Derrick Rose is a role model for every kid who grows up in Englewood or any other poverty-stricken neighborhood, utilizes his God-given and self-imposed talents while striving to overcome one obstacle after another that society throws in his path and finally achieves riches and stardom.
Good for him. It's a good Hollywood script.
But Rose sends the wrong message if he uses those physical and athletic skills to manipulate a system designed to determine right from wrong, morally or ethically or legally. It worked for him. But how many other kids who desire to be "the next Derrick Rose" will realize his dream?
Not many. For every Derrick Rose or Kevin Garnett, there are thousands who aren't good enough to start on their high school team or aren't good enough to earn a Division I scholarship or aren't good enough to be drafted by a NBA team.

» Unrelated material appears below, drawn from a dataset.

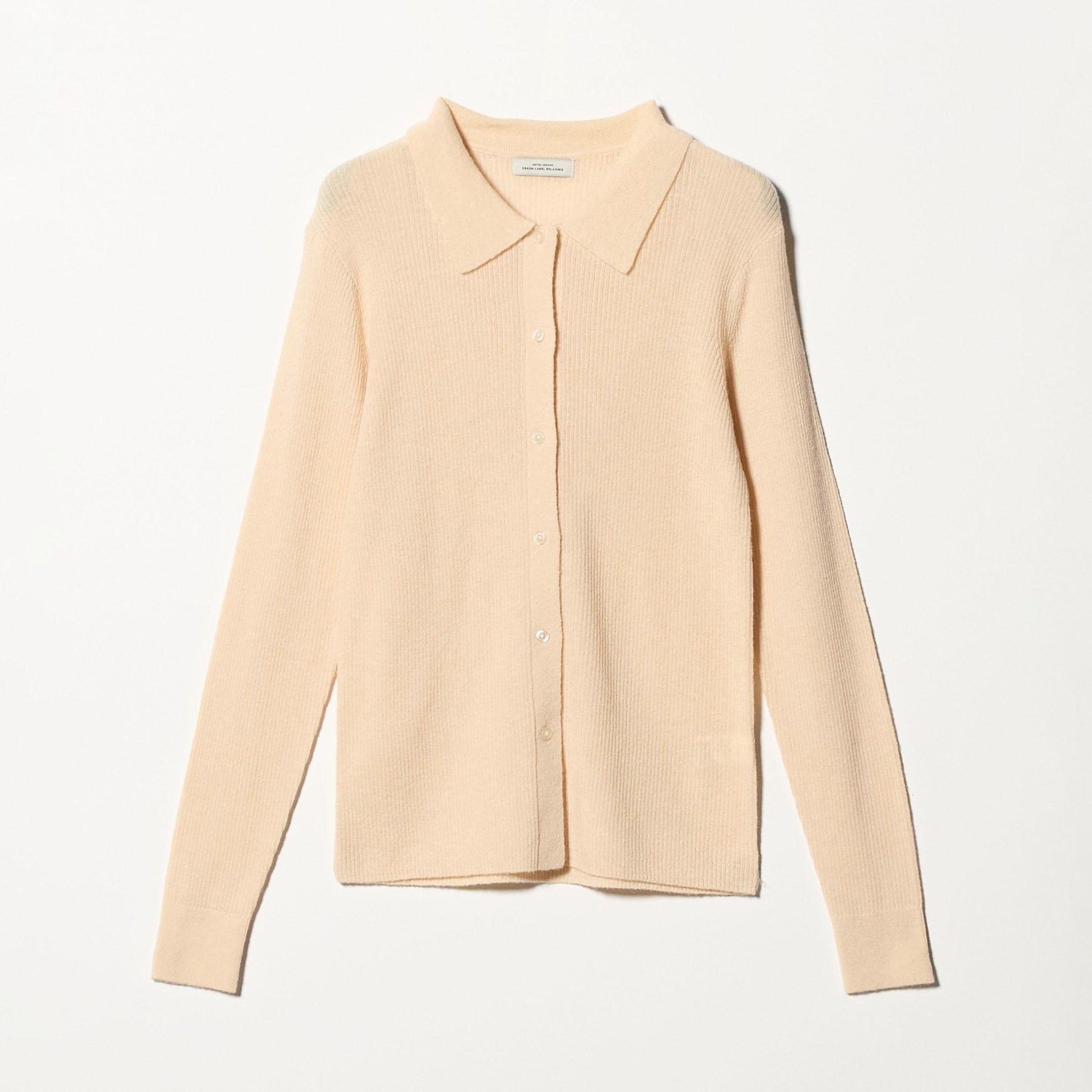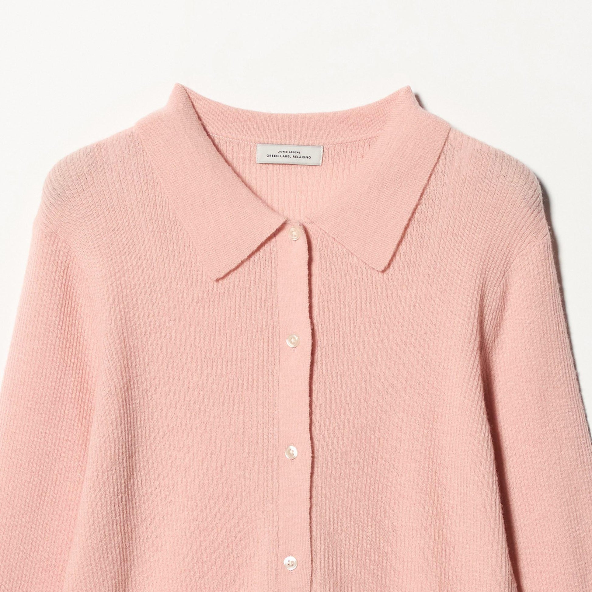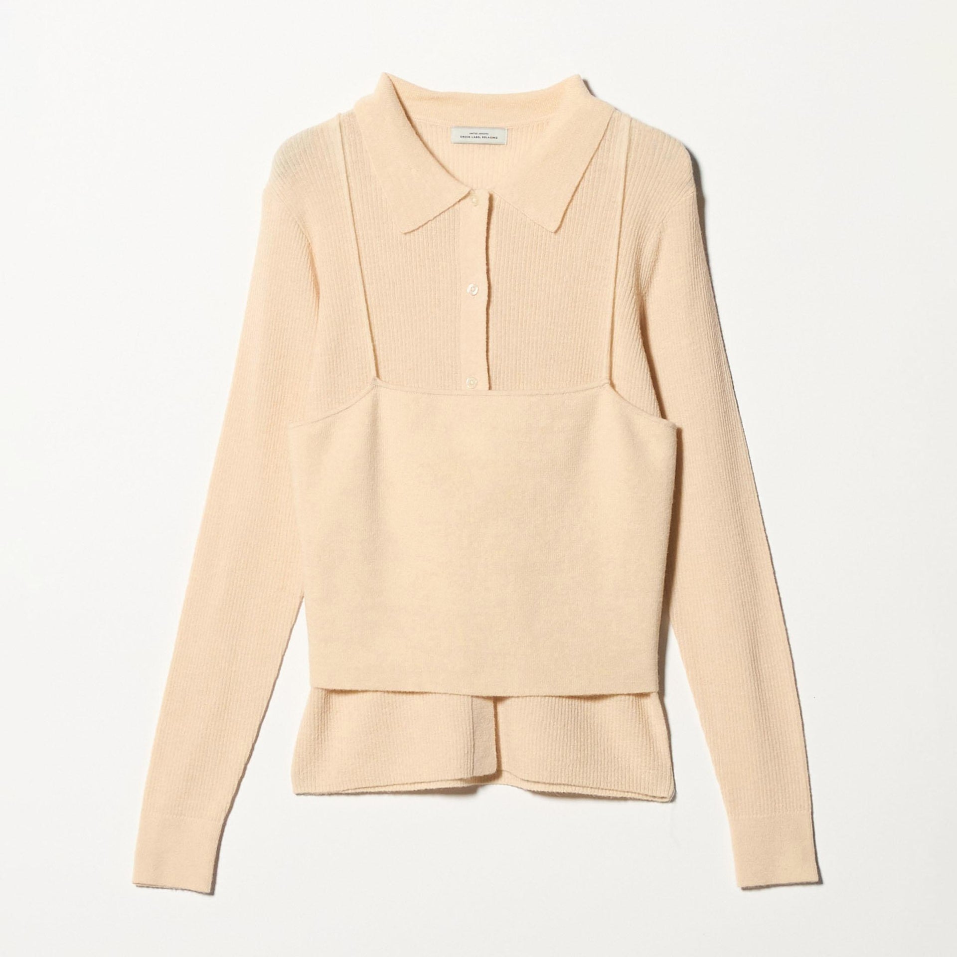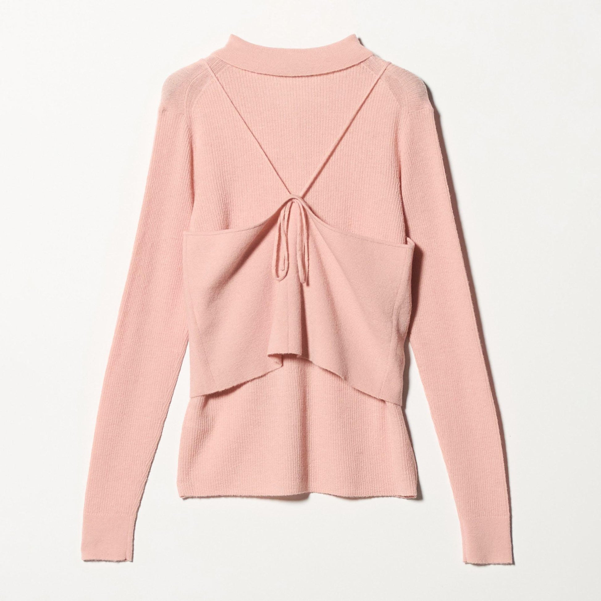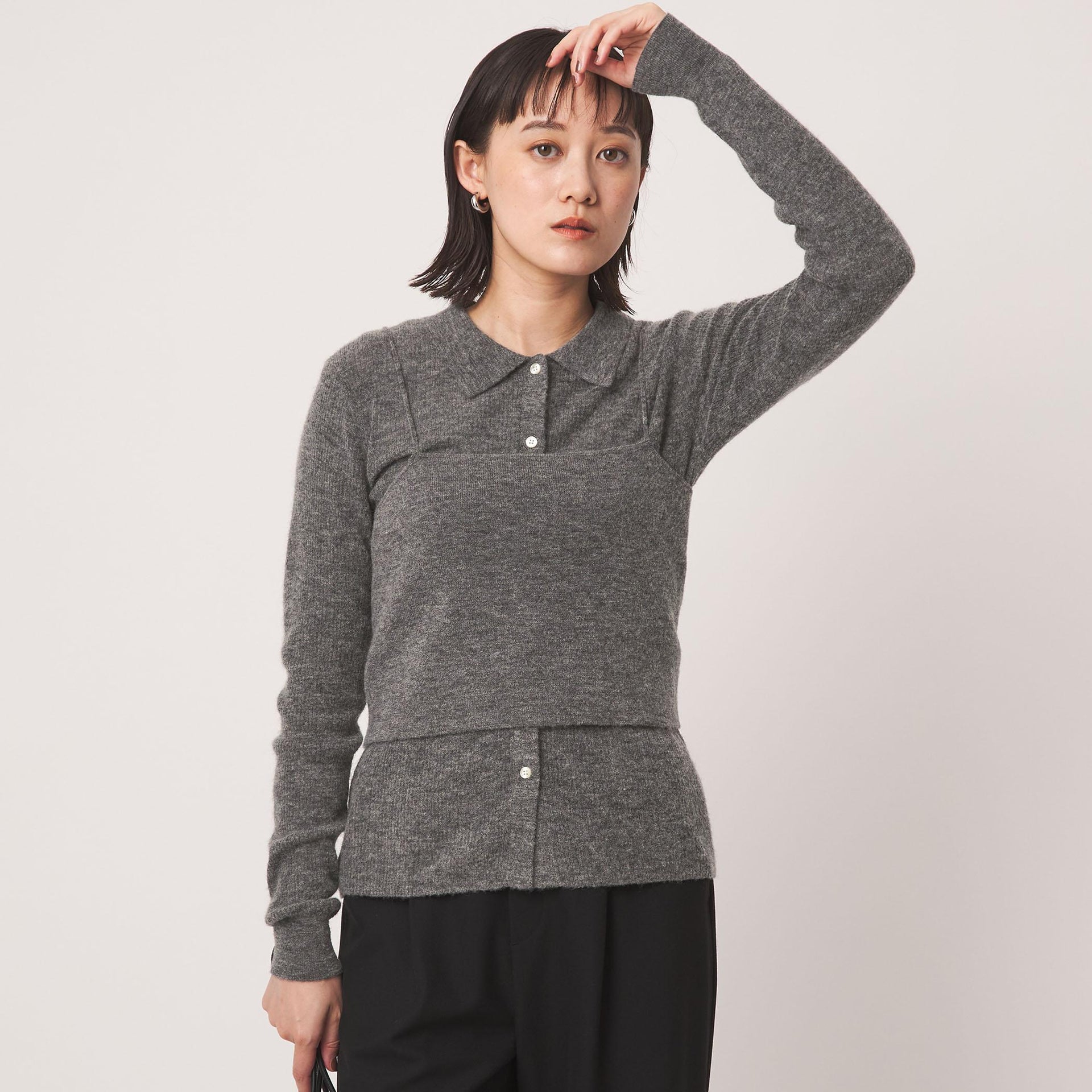 少し透け感のある襟付きリブカーディガンと、編地が異なるキャミソールのセットアイテム。

Think about it. Think of all the outstanding high school players you have seen or heard about who dreamed of NBA stardom and never made it. Some were good enough to extend their basketball careers by playing overseas, in Europe or Australia or South America or Japan or Israel. But they never got to the NBA. Others, sadly, never prepared themselves for life after basketball.
Whatever happened to Raymond McCoy, Audie Matthews, Bernard Jackson, Thomas Hamilton, Jamie Brandon, Ronnie Fields, Leon Smith, Cedrick Banks, DeAndre Thomas, Howard Nathan, Sherell Ford, Billy Harris...all great high school players, even players of the year, playground legends who failed, for one reason or another, to score at the next level?
The lesson in all of this is there are no guarantees, no matter how good you or the media or college coaches or your posse think you are, that fate will deliver you to the NBA or NFL or MLB.
The NBA did Rose a favor. He wasn't ready to leap from Simeon High School to the NBA. He wasn't in Garnett's class. Nobody talked about Rose as a lottery pick. However, because of the NBA's new rule requiring high school seniors to attend at least one year of college, Rose had to get another year of seasoning.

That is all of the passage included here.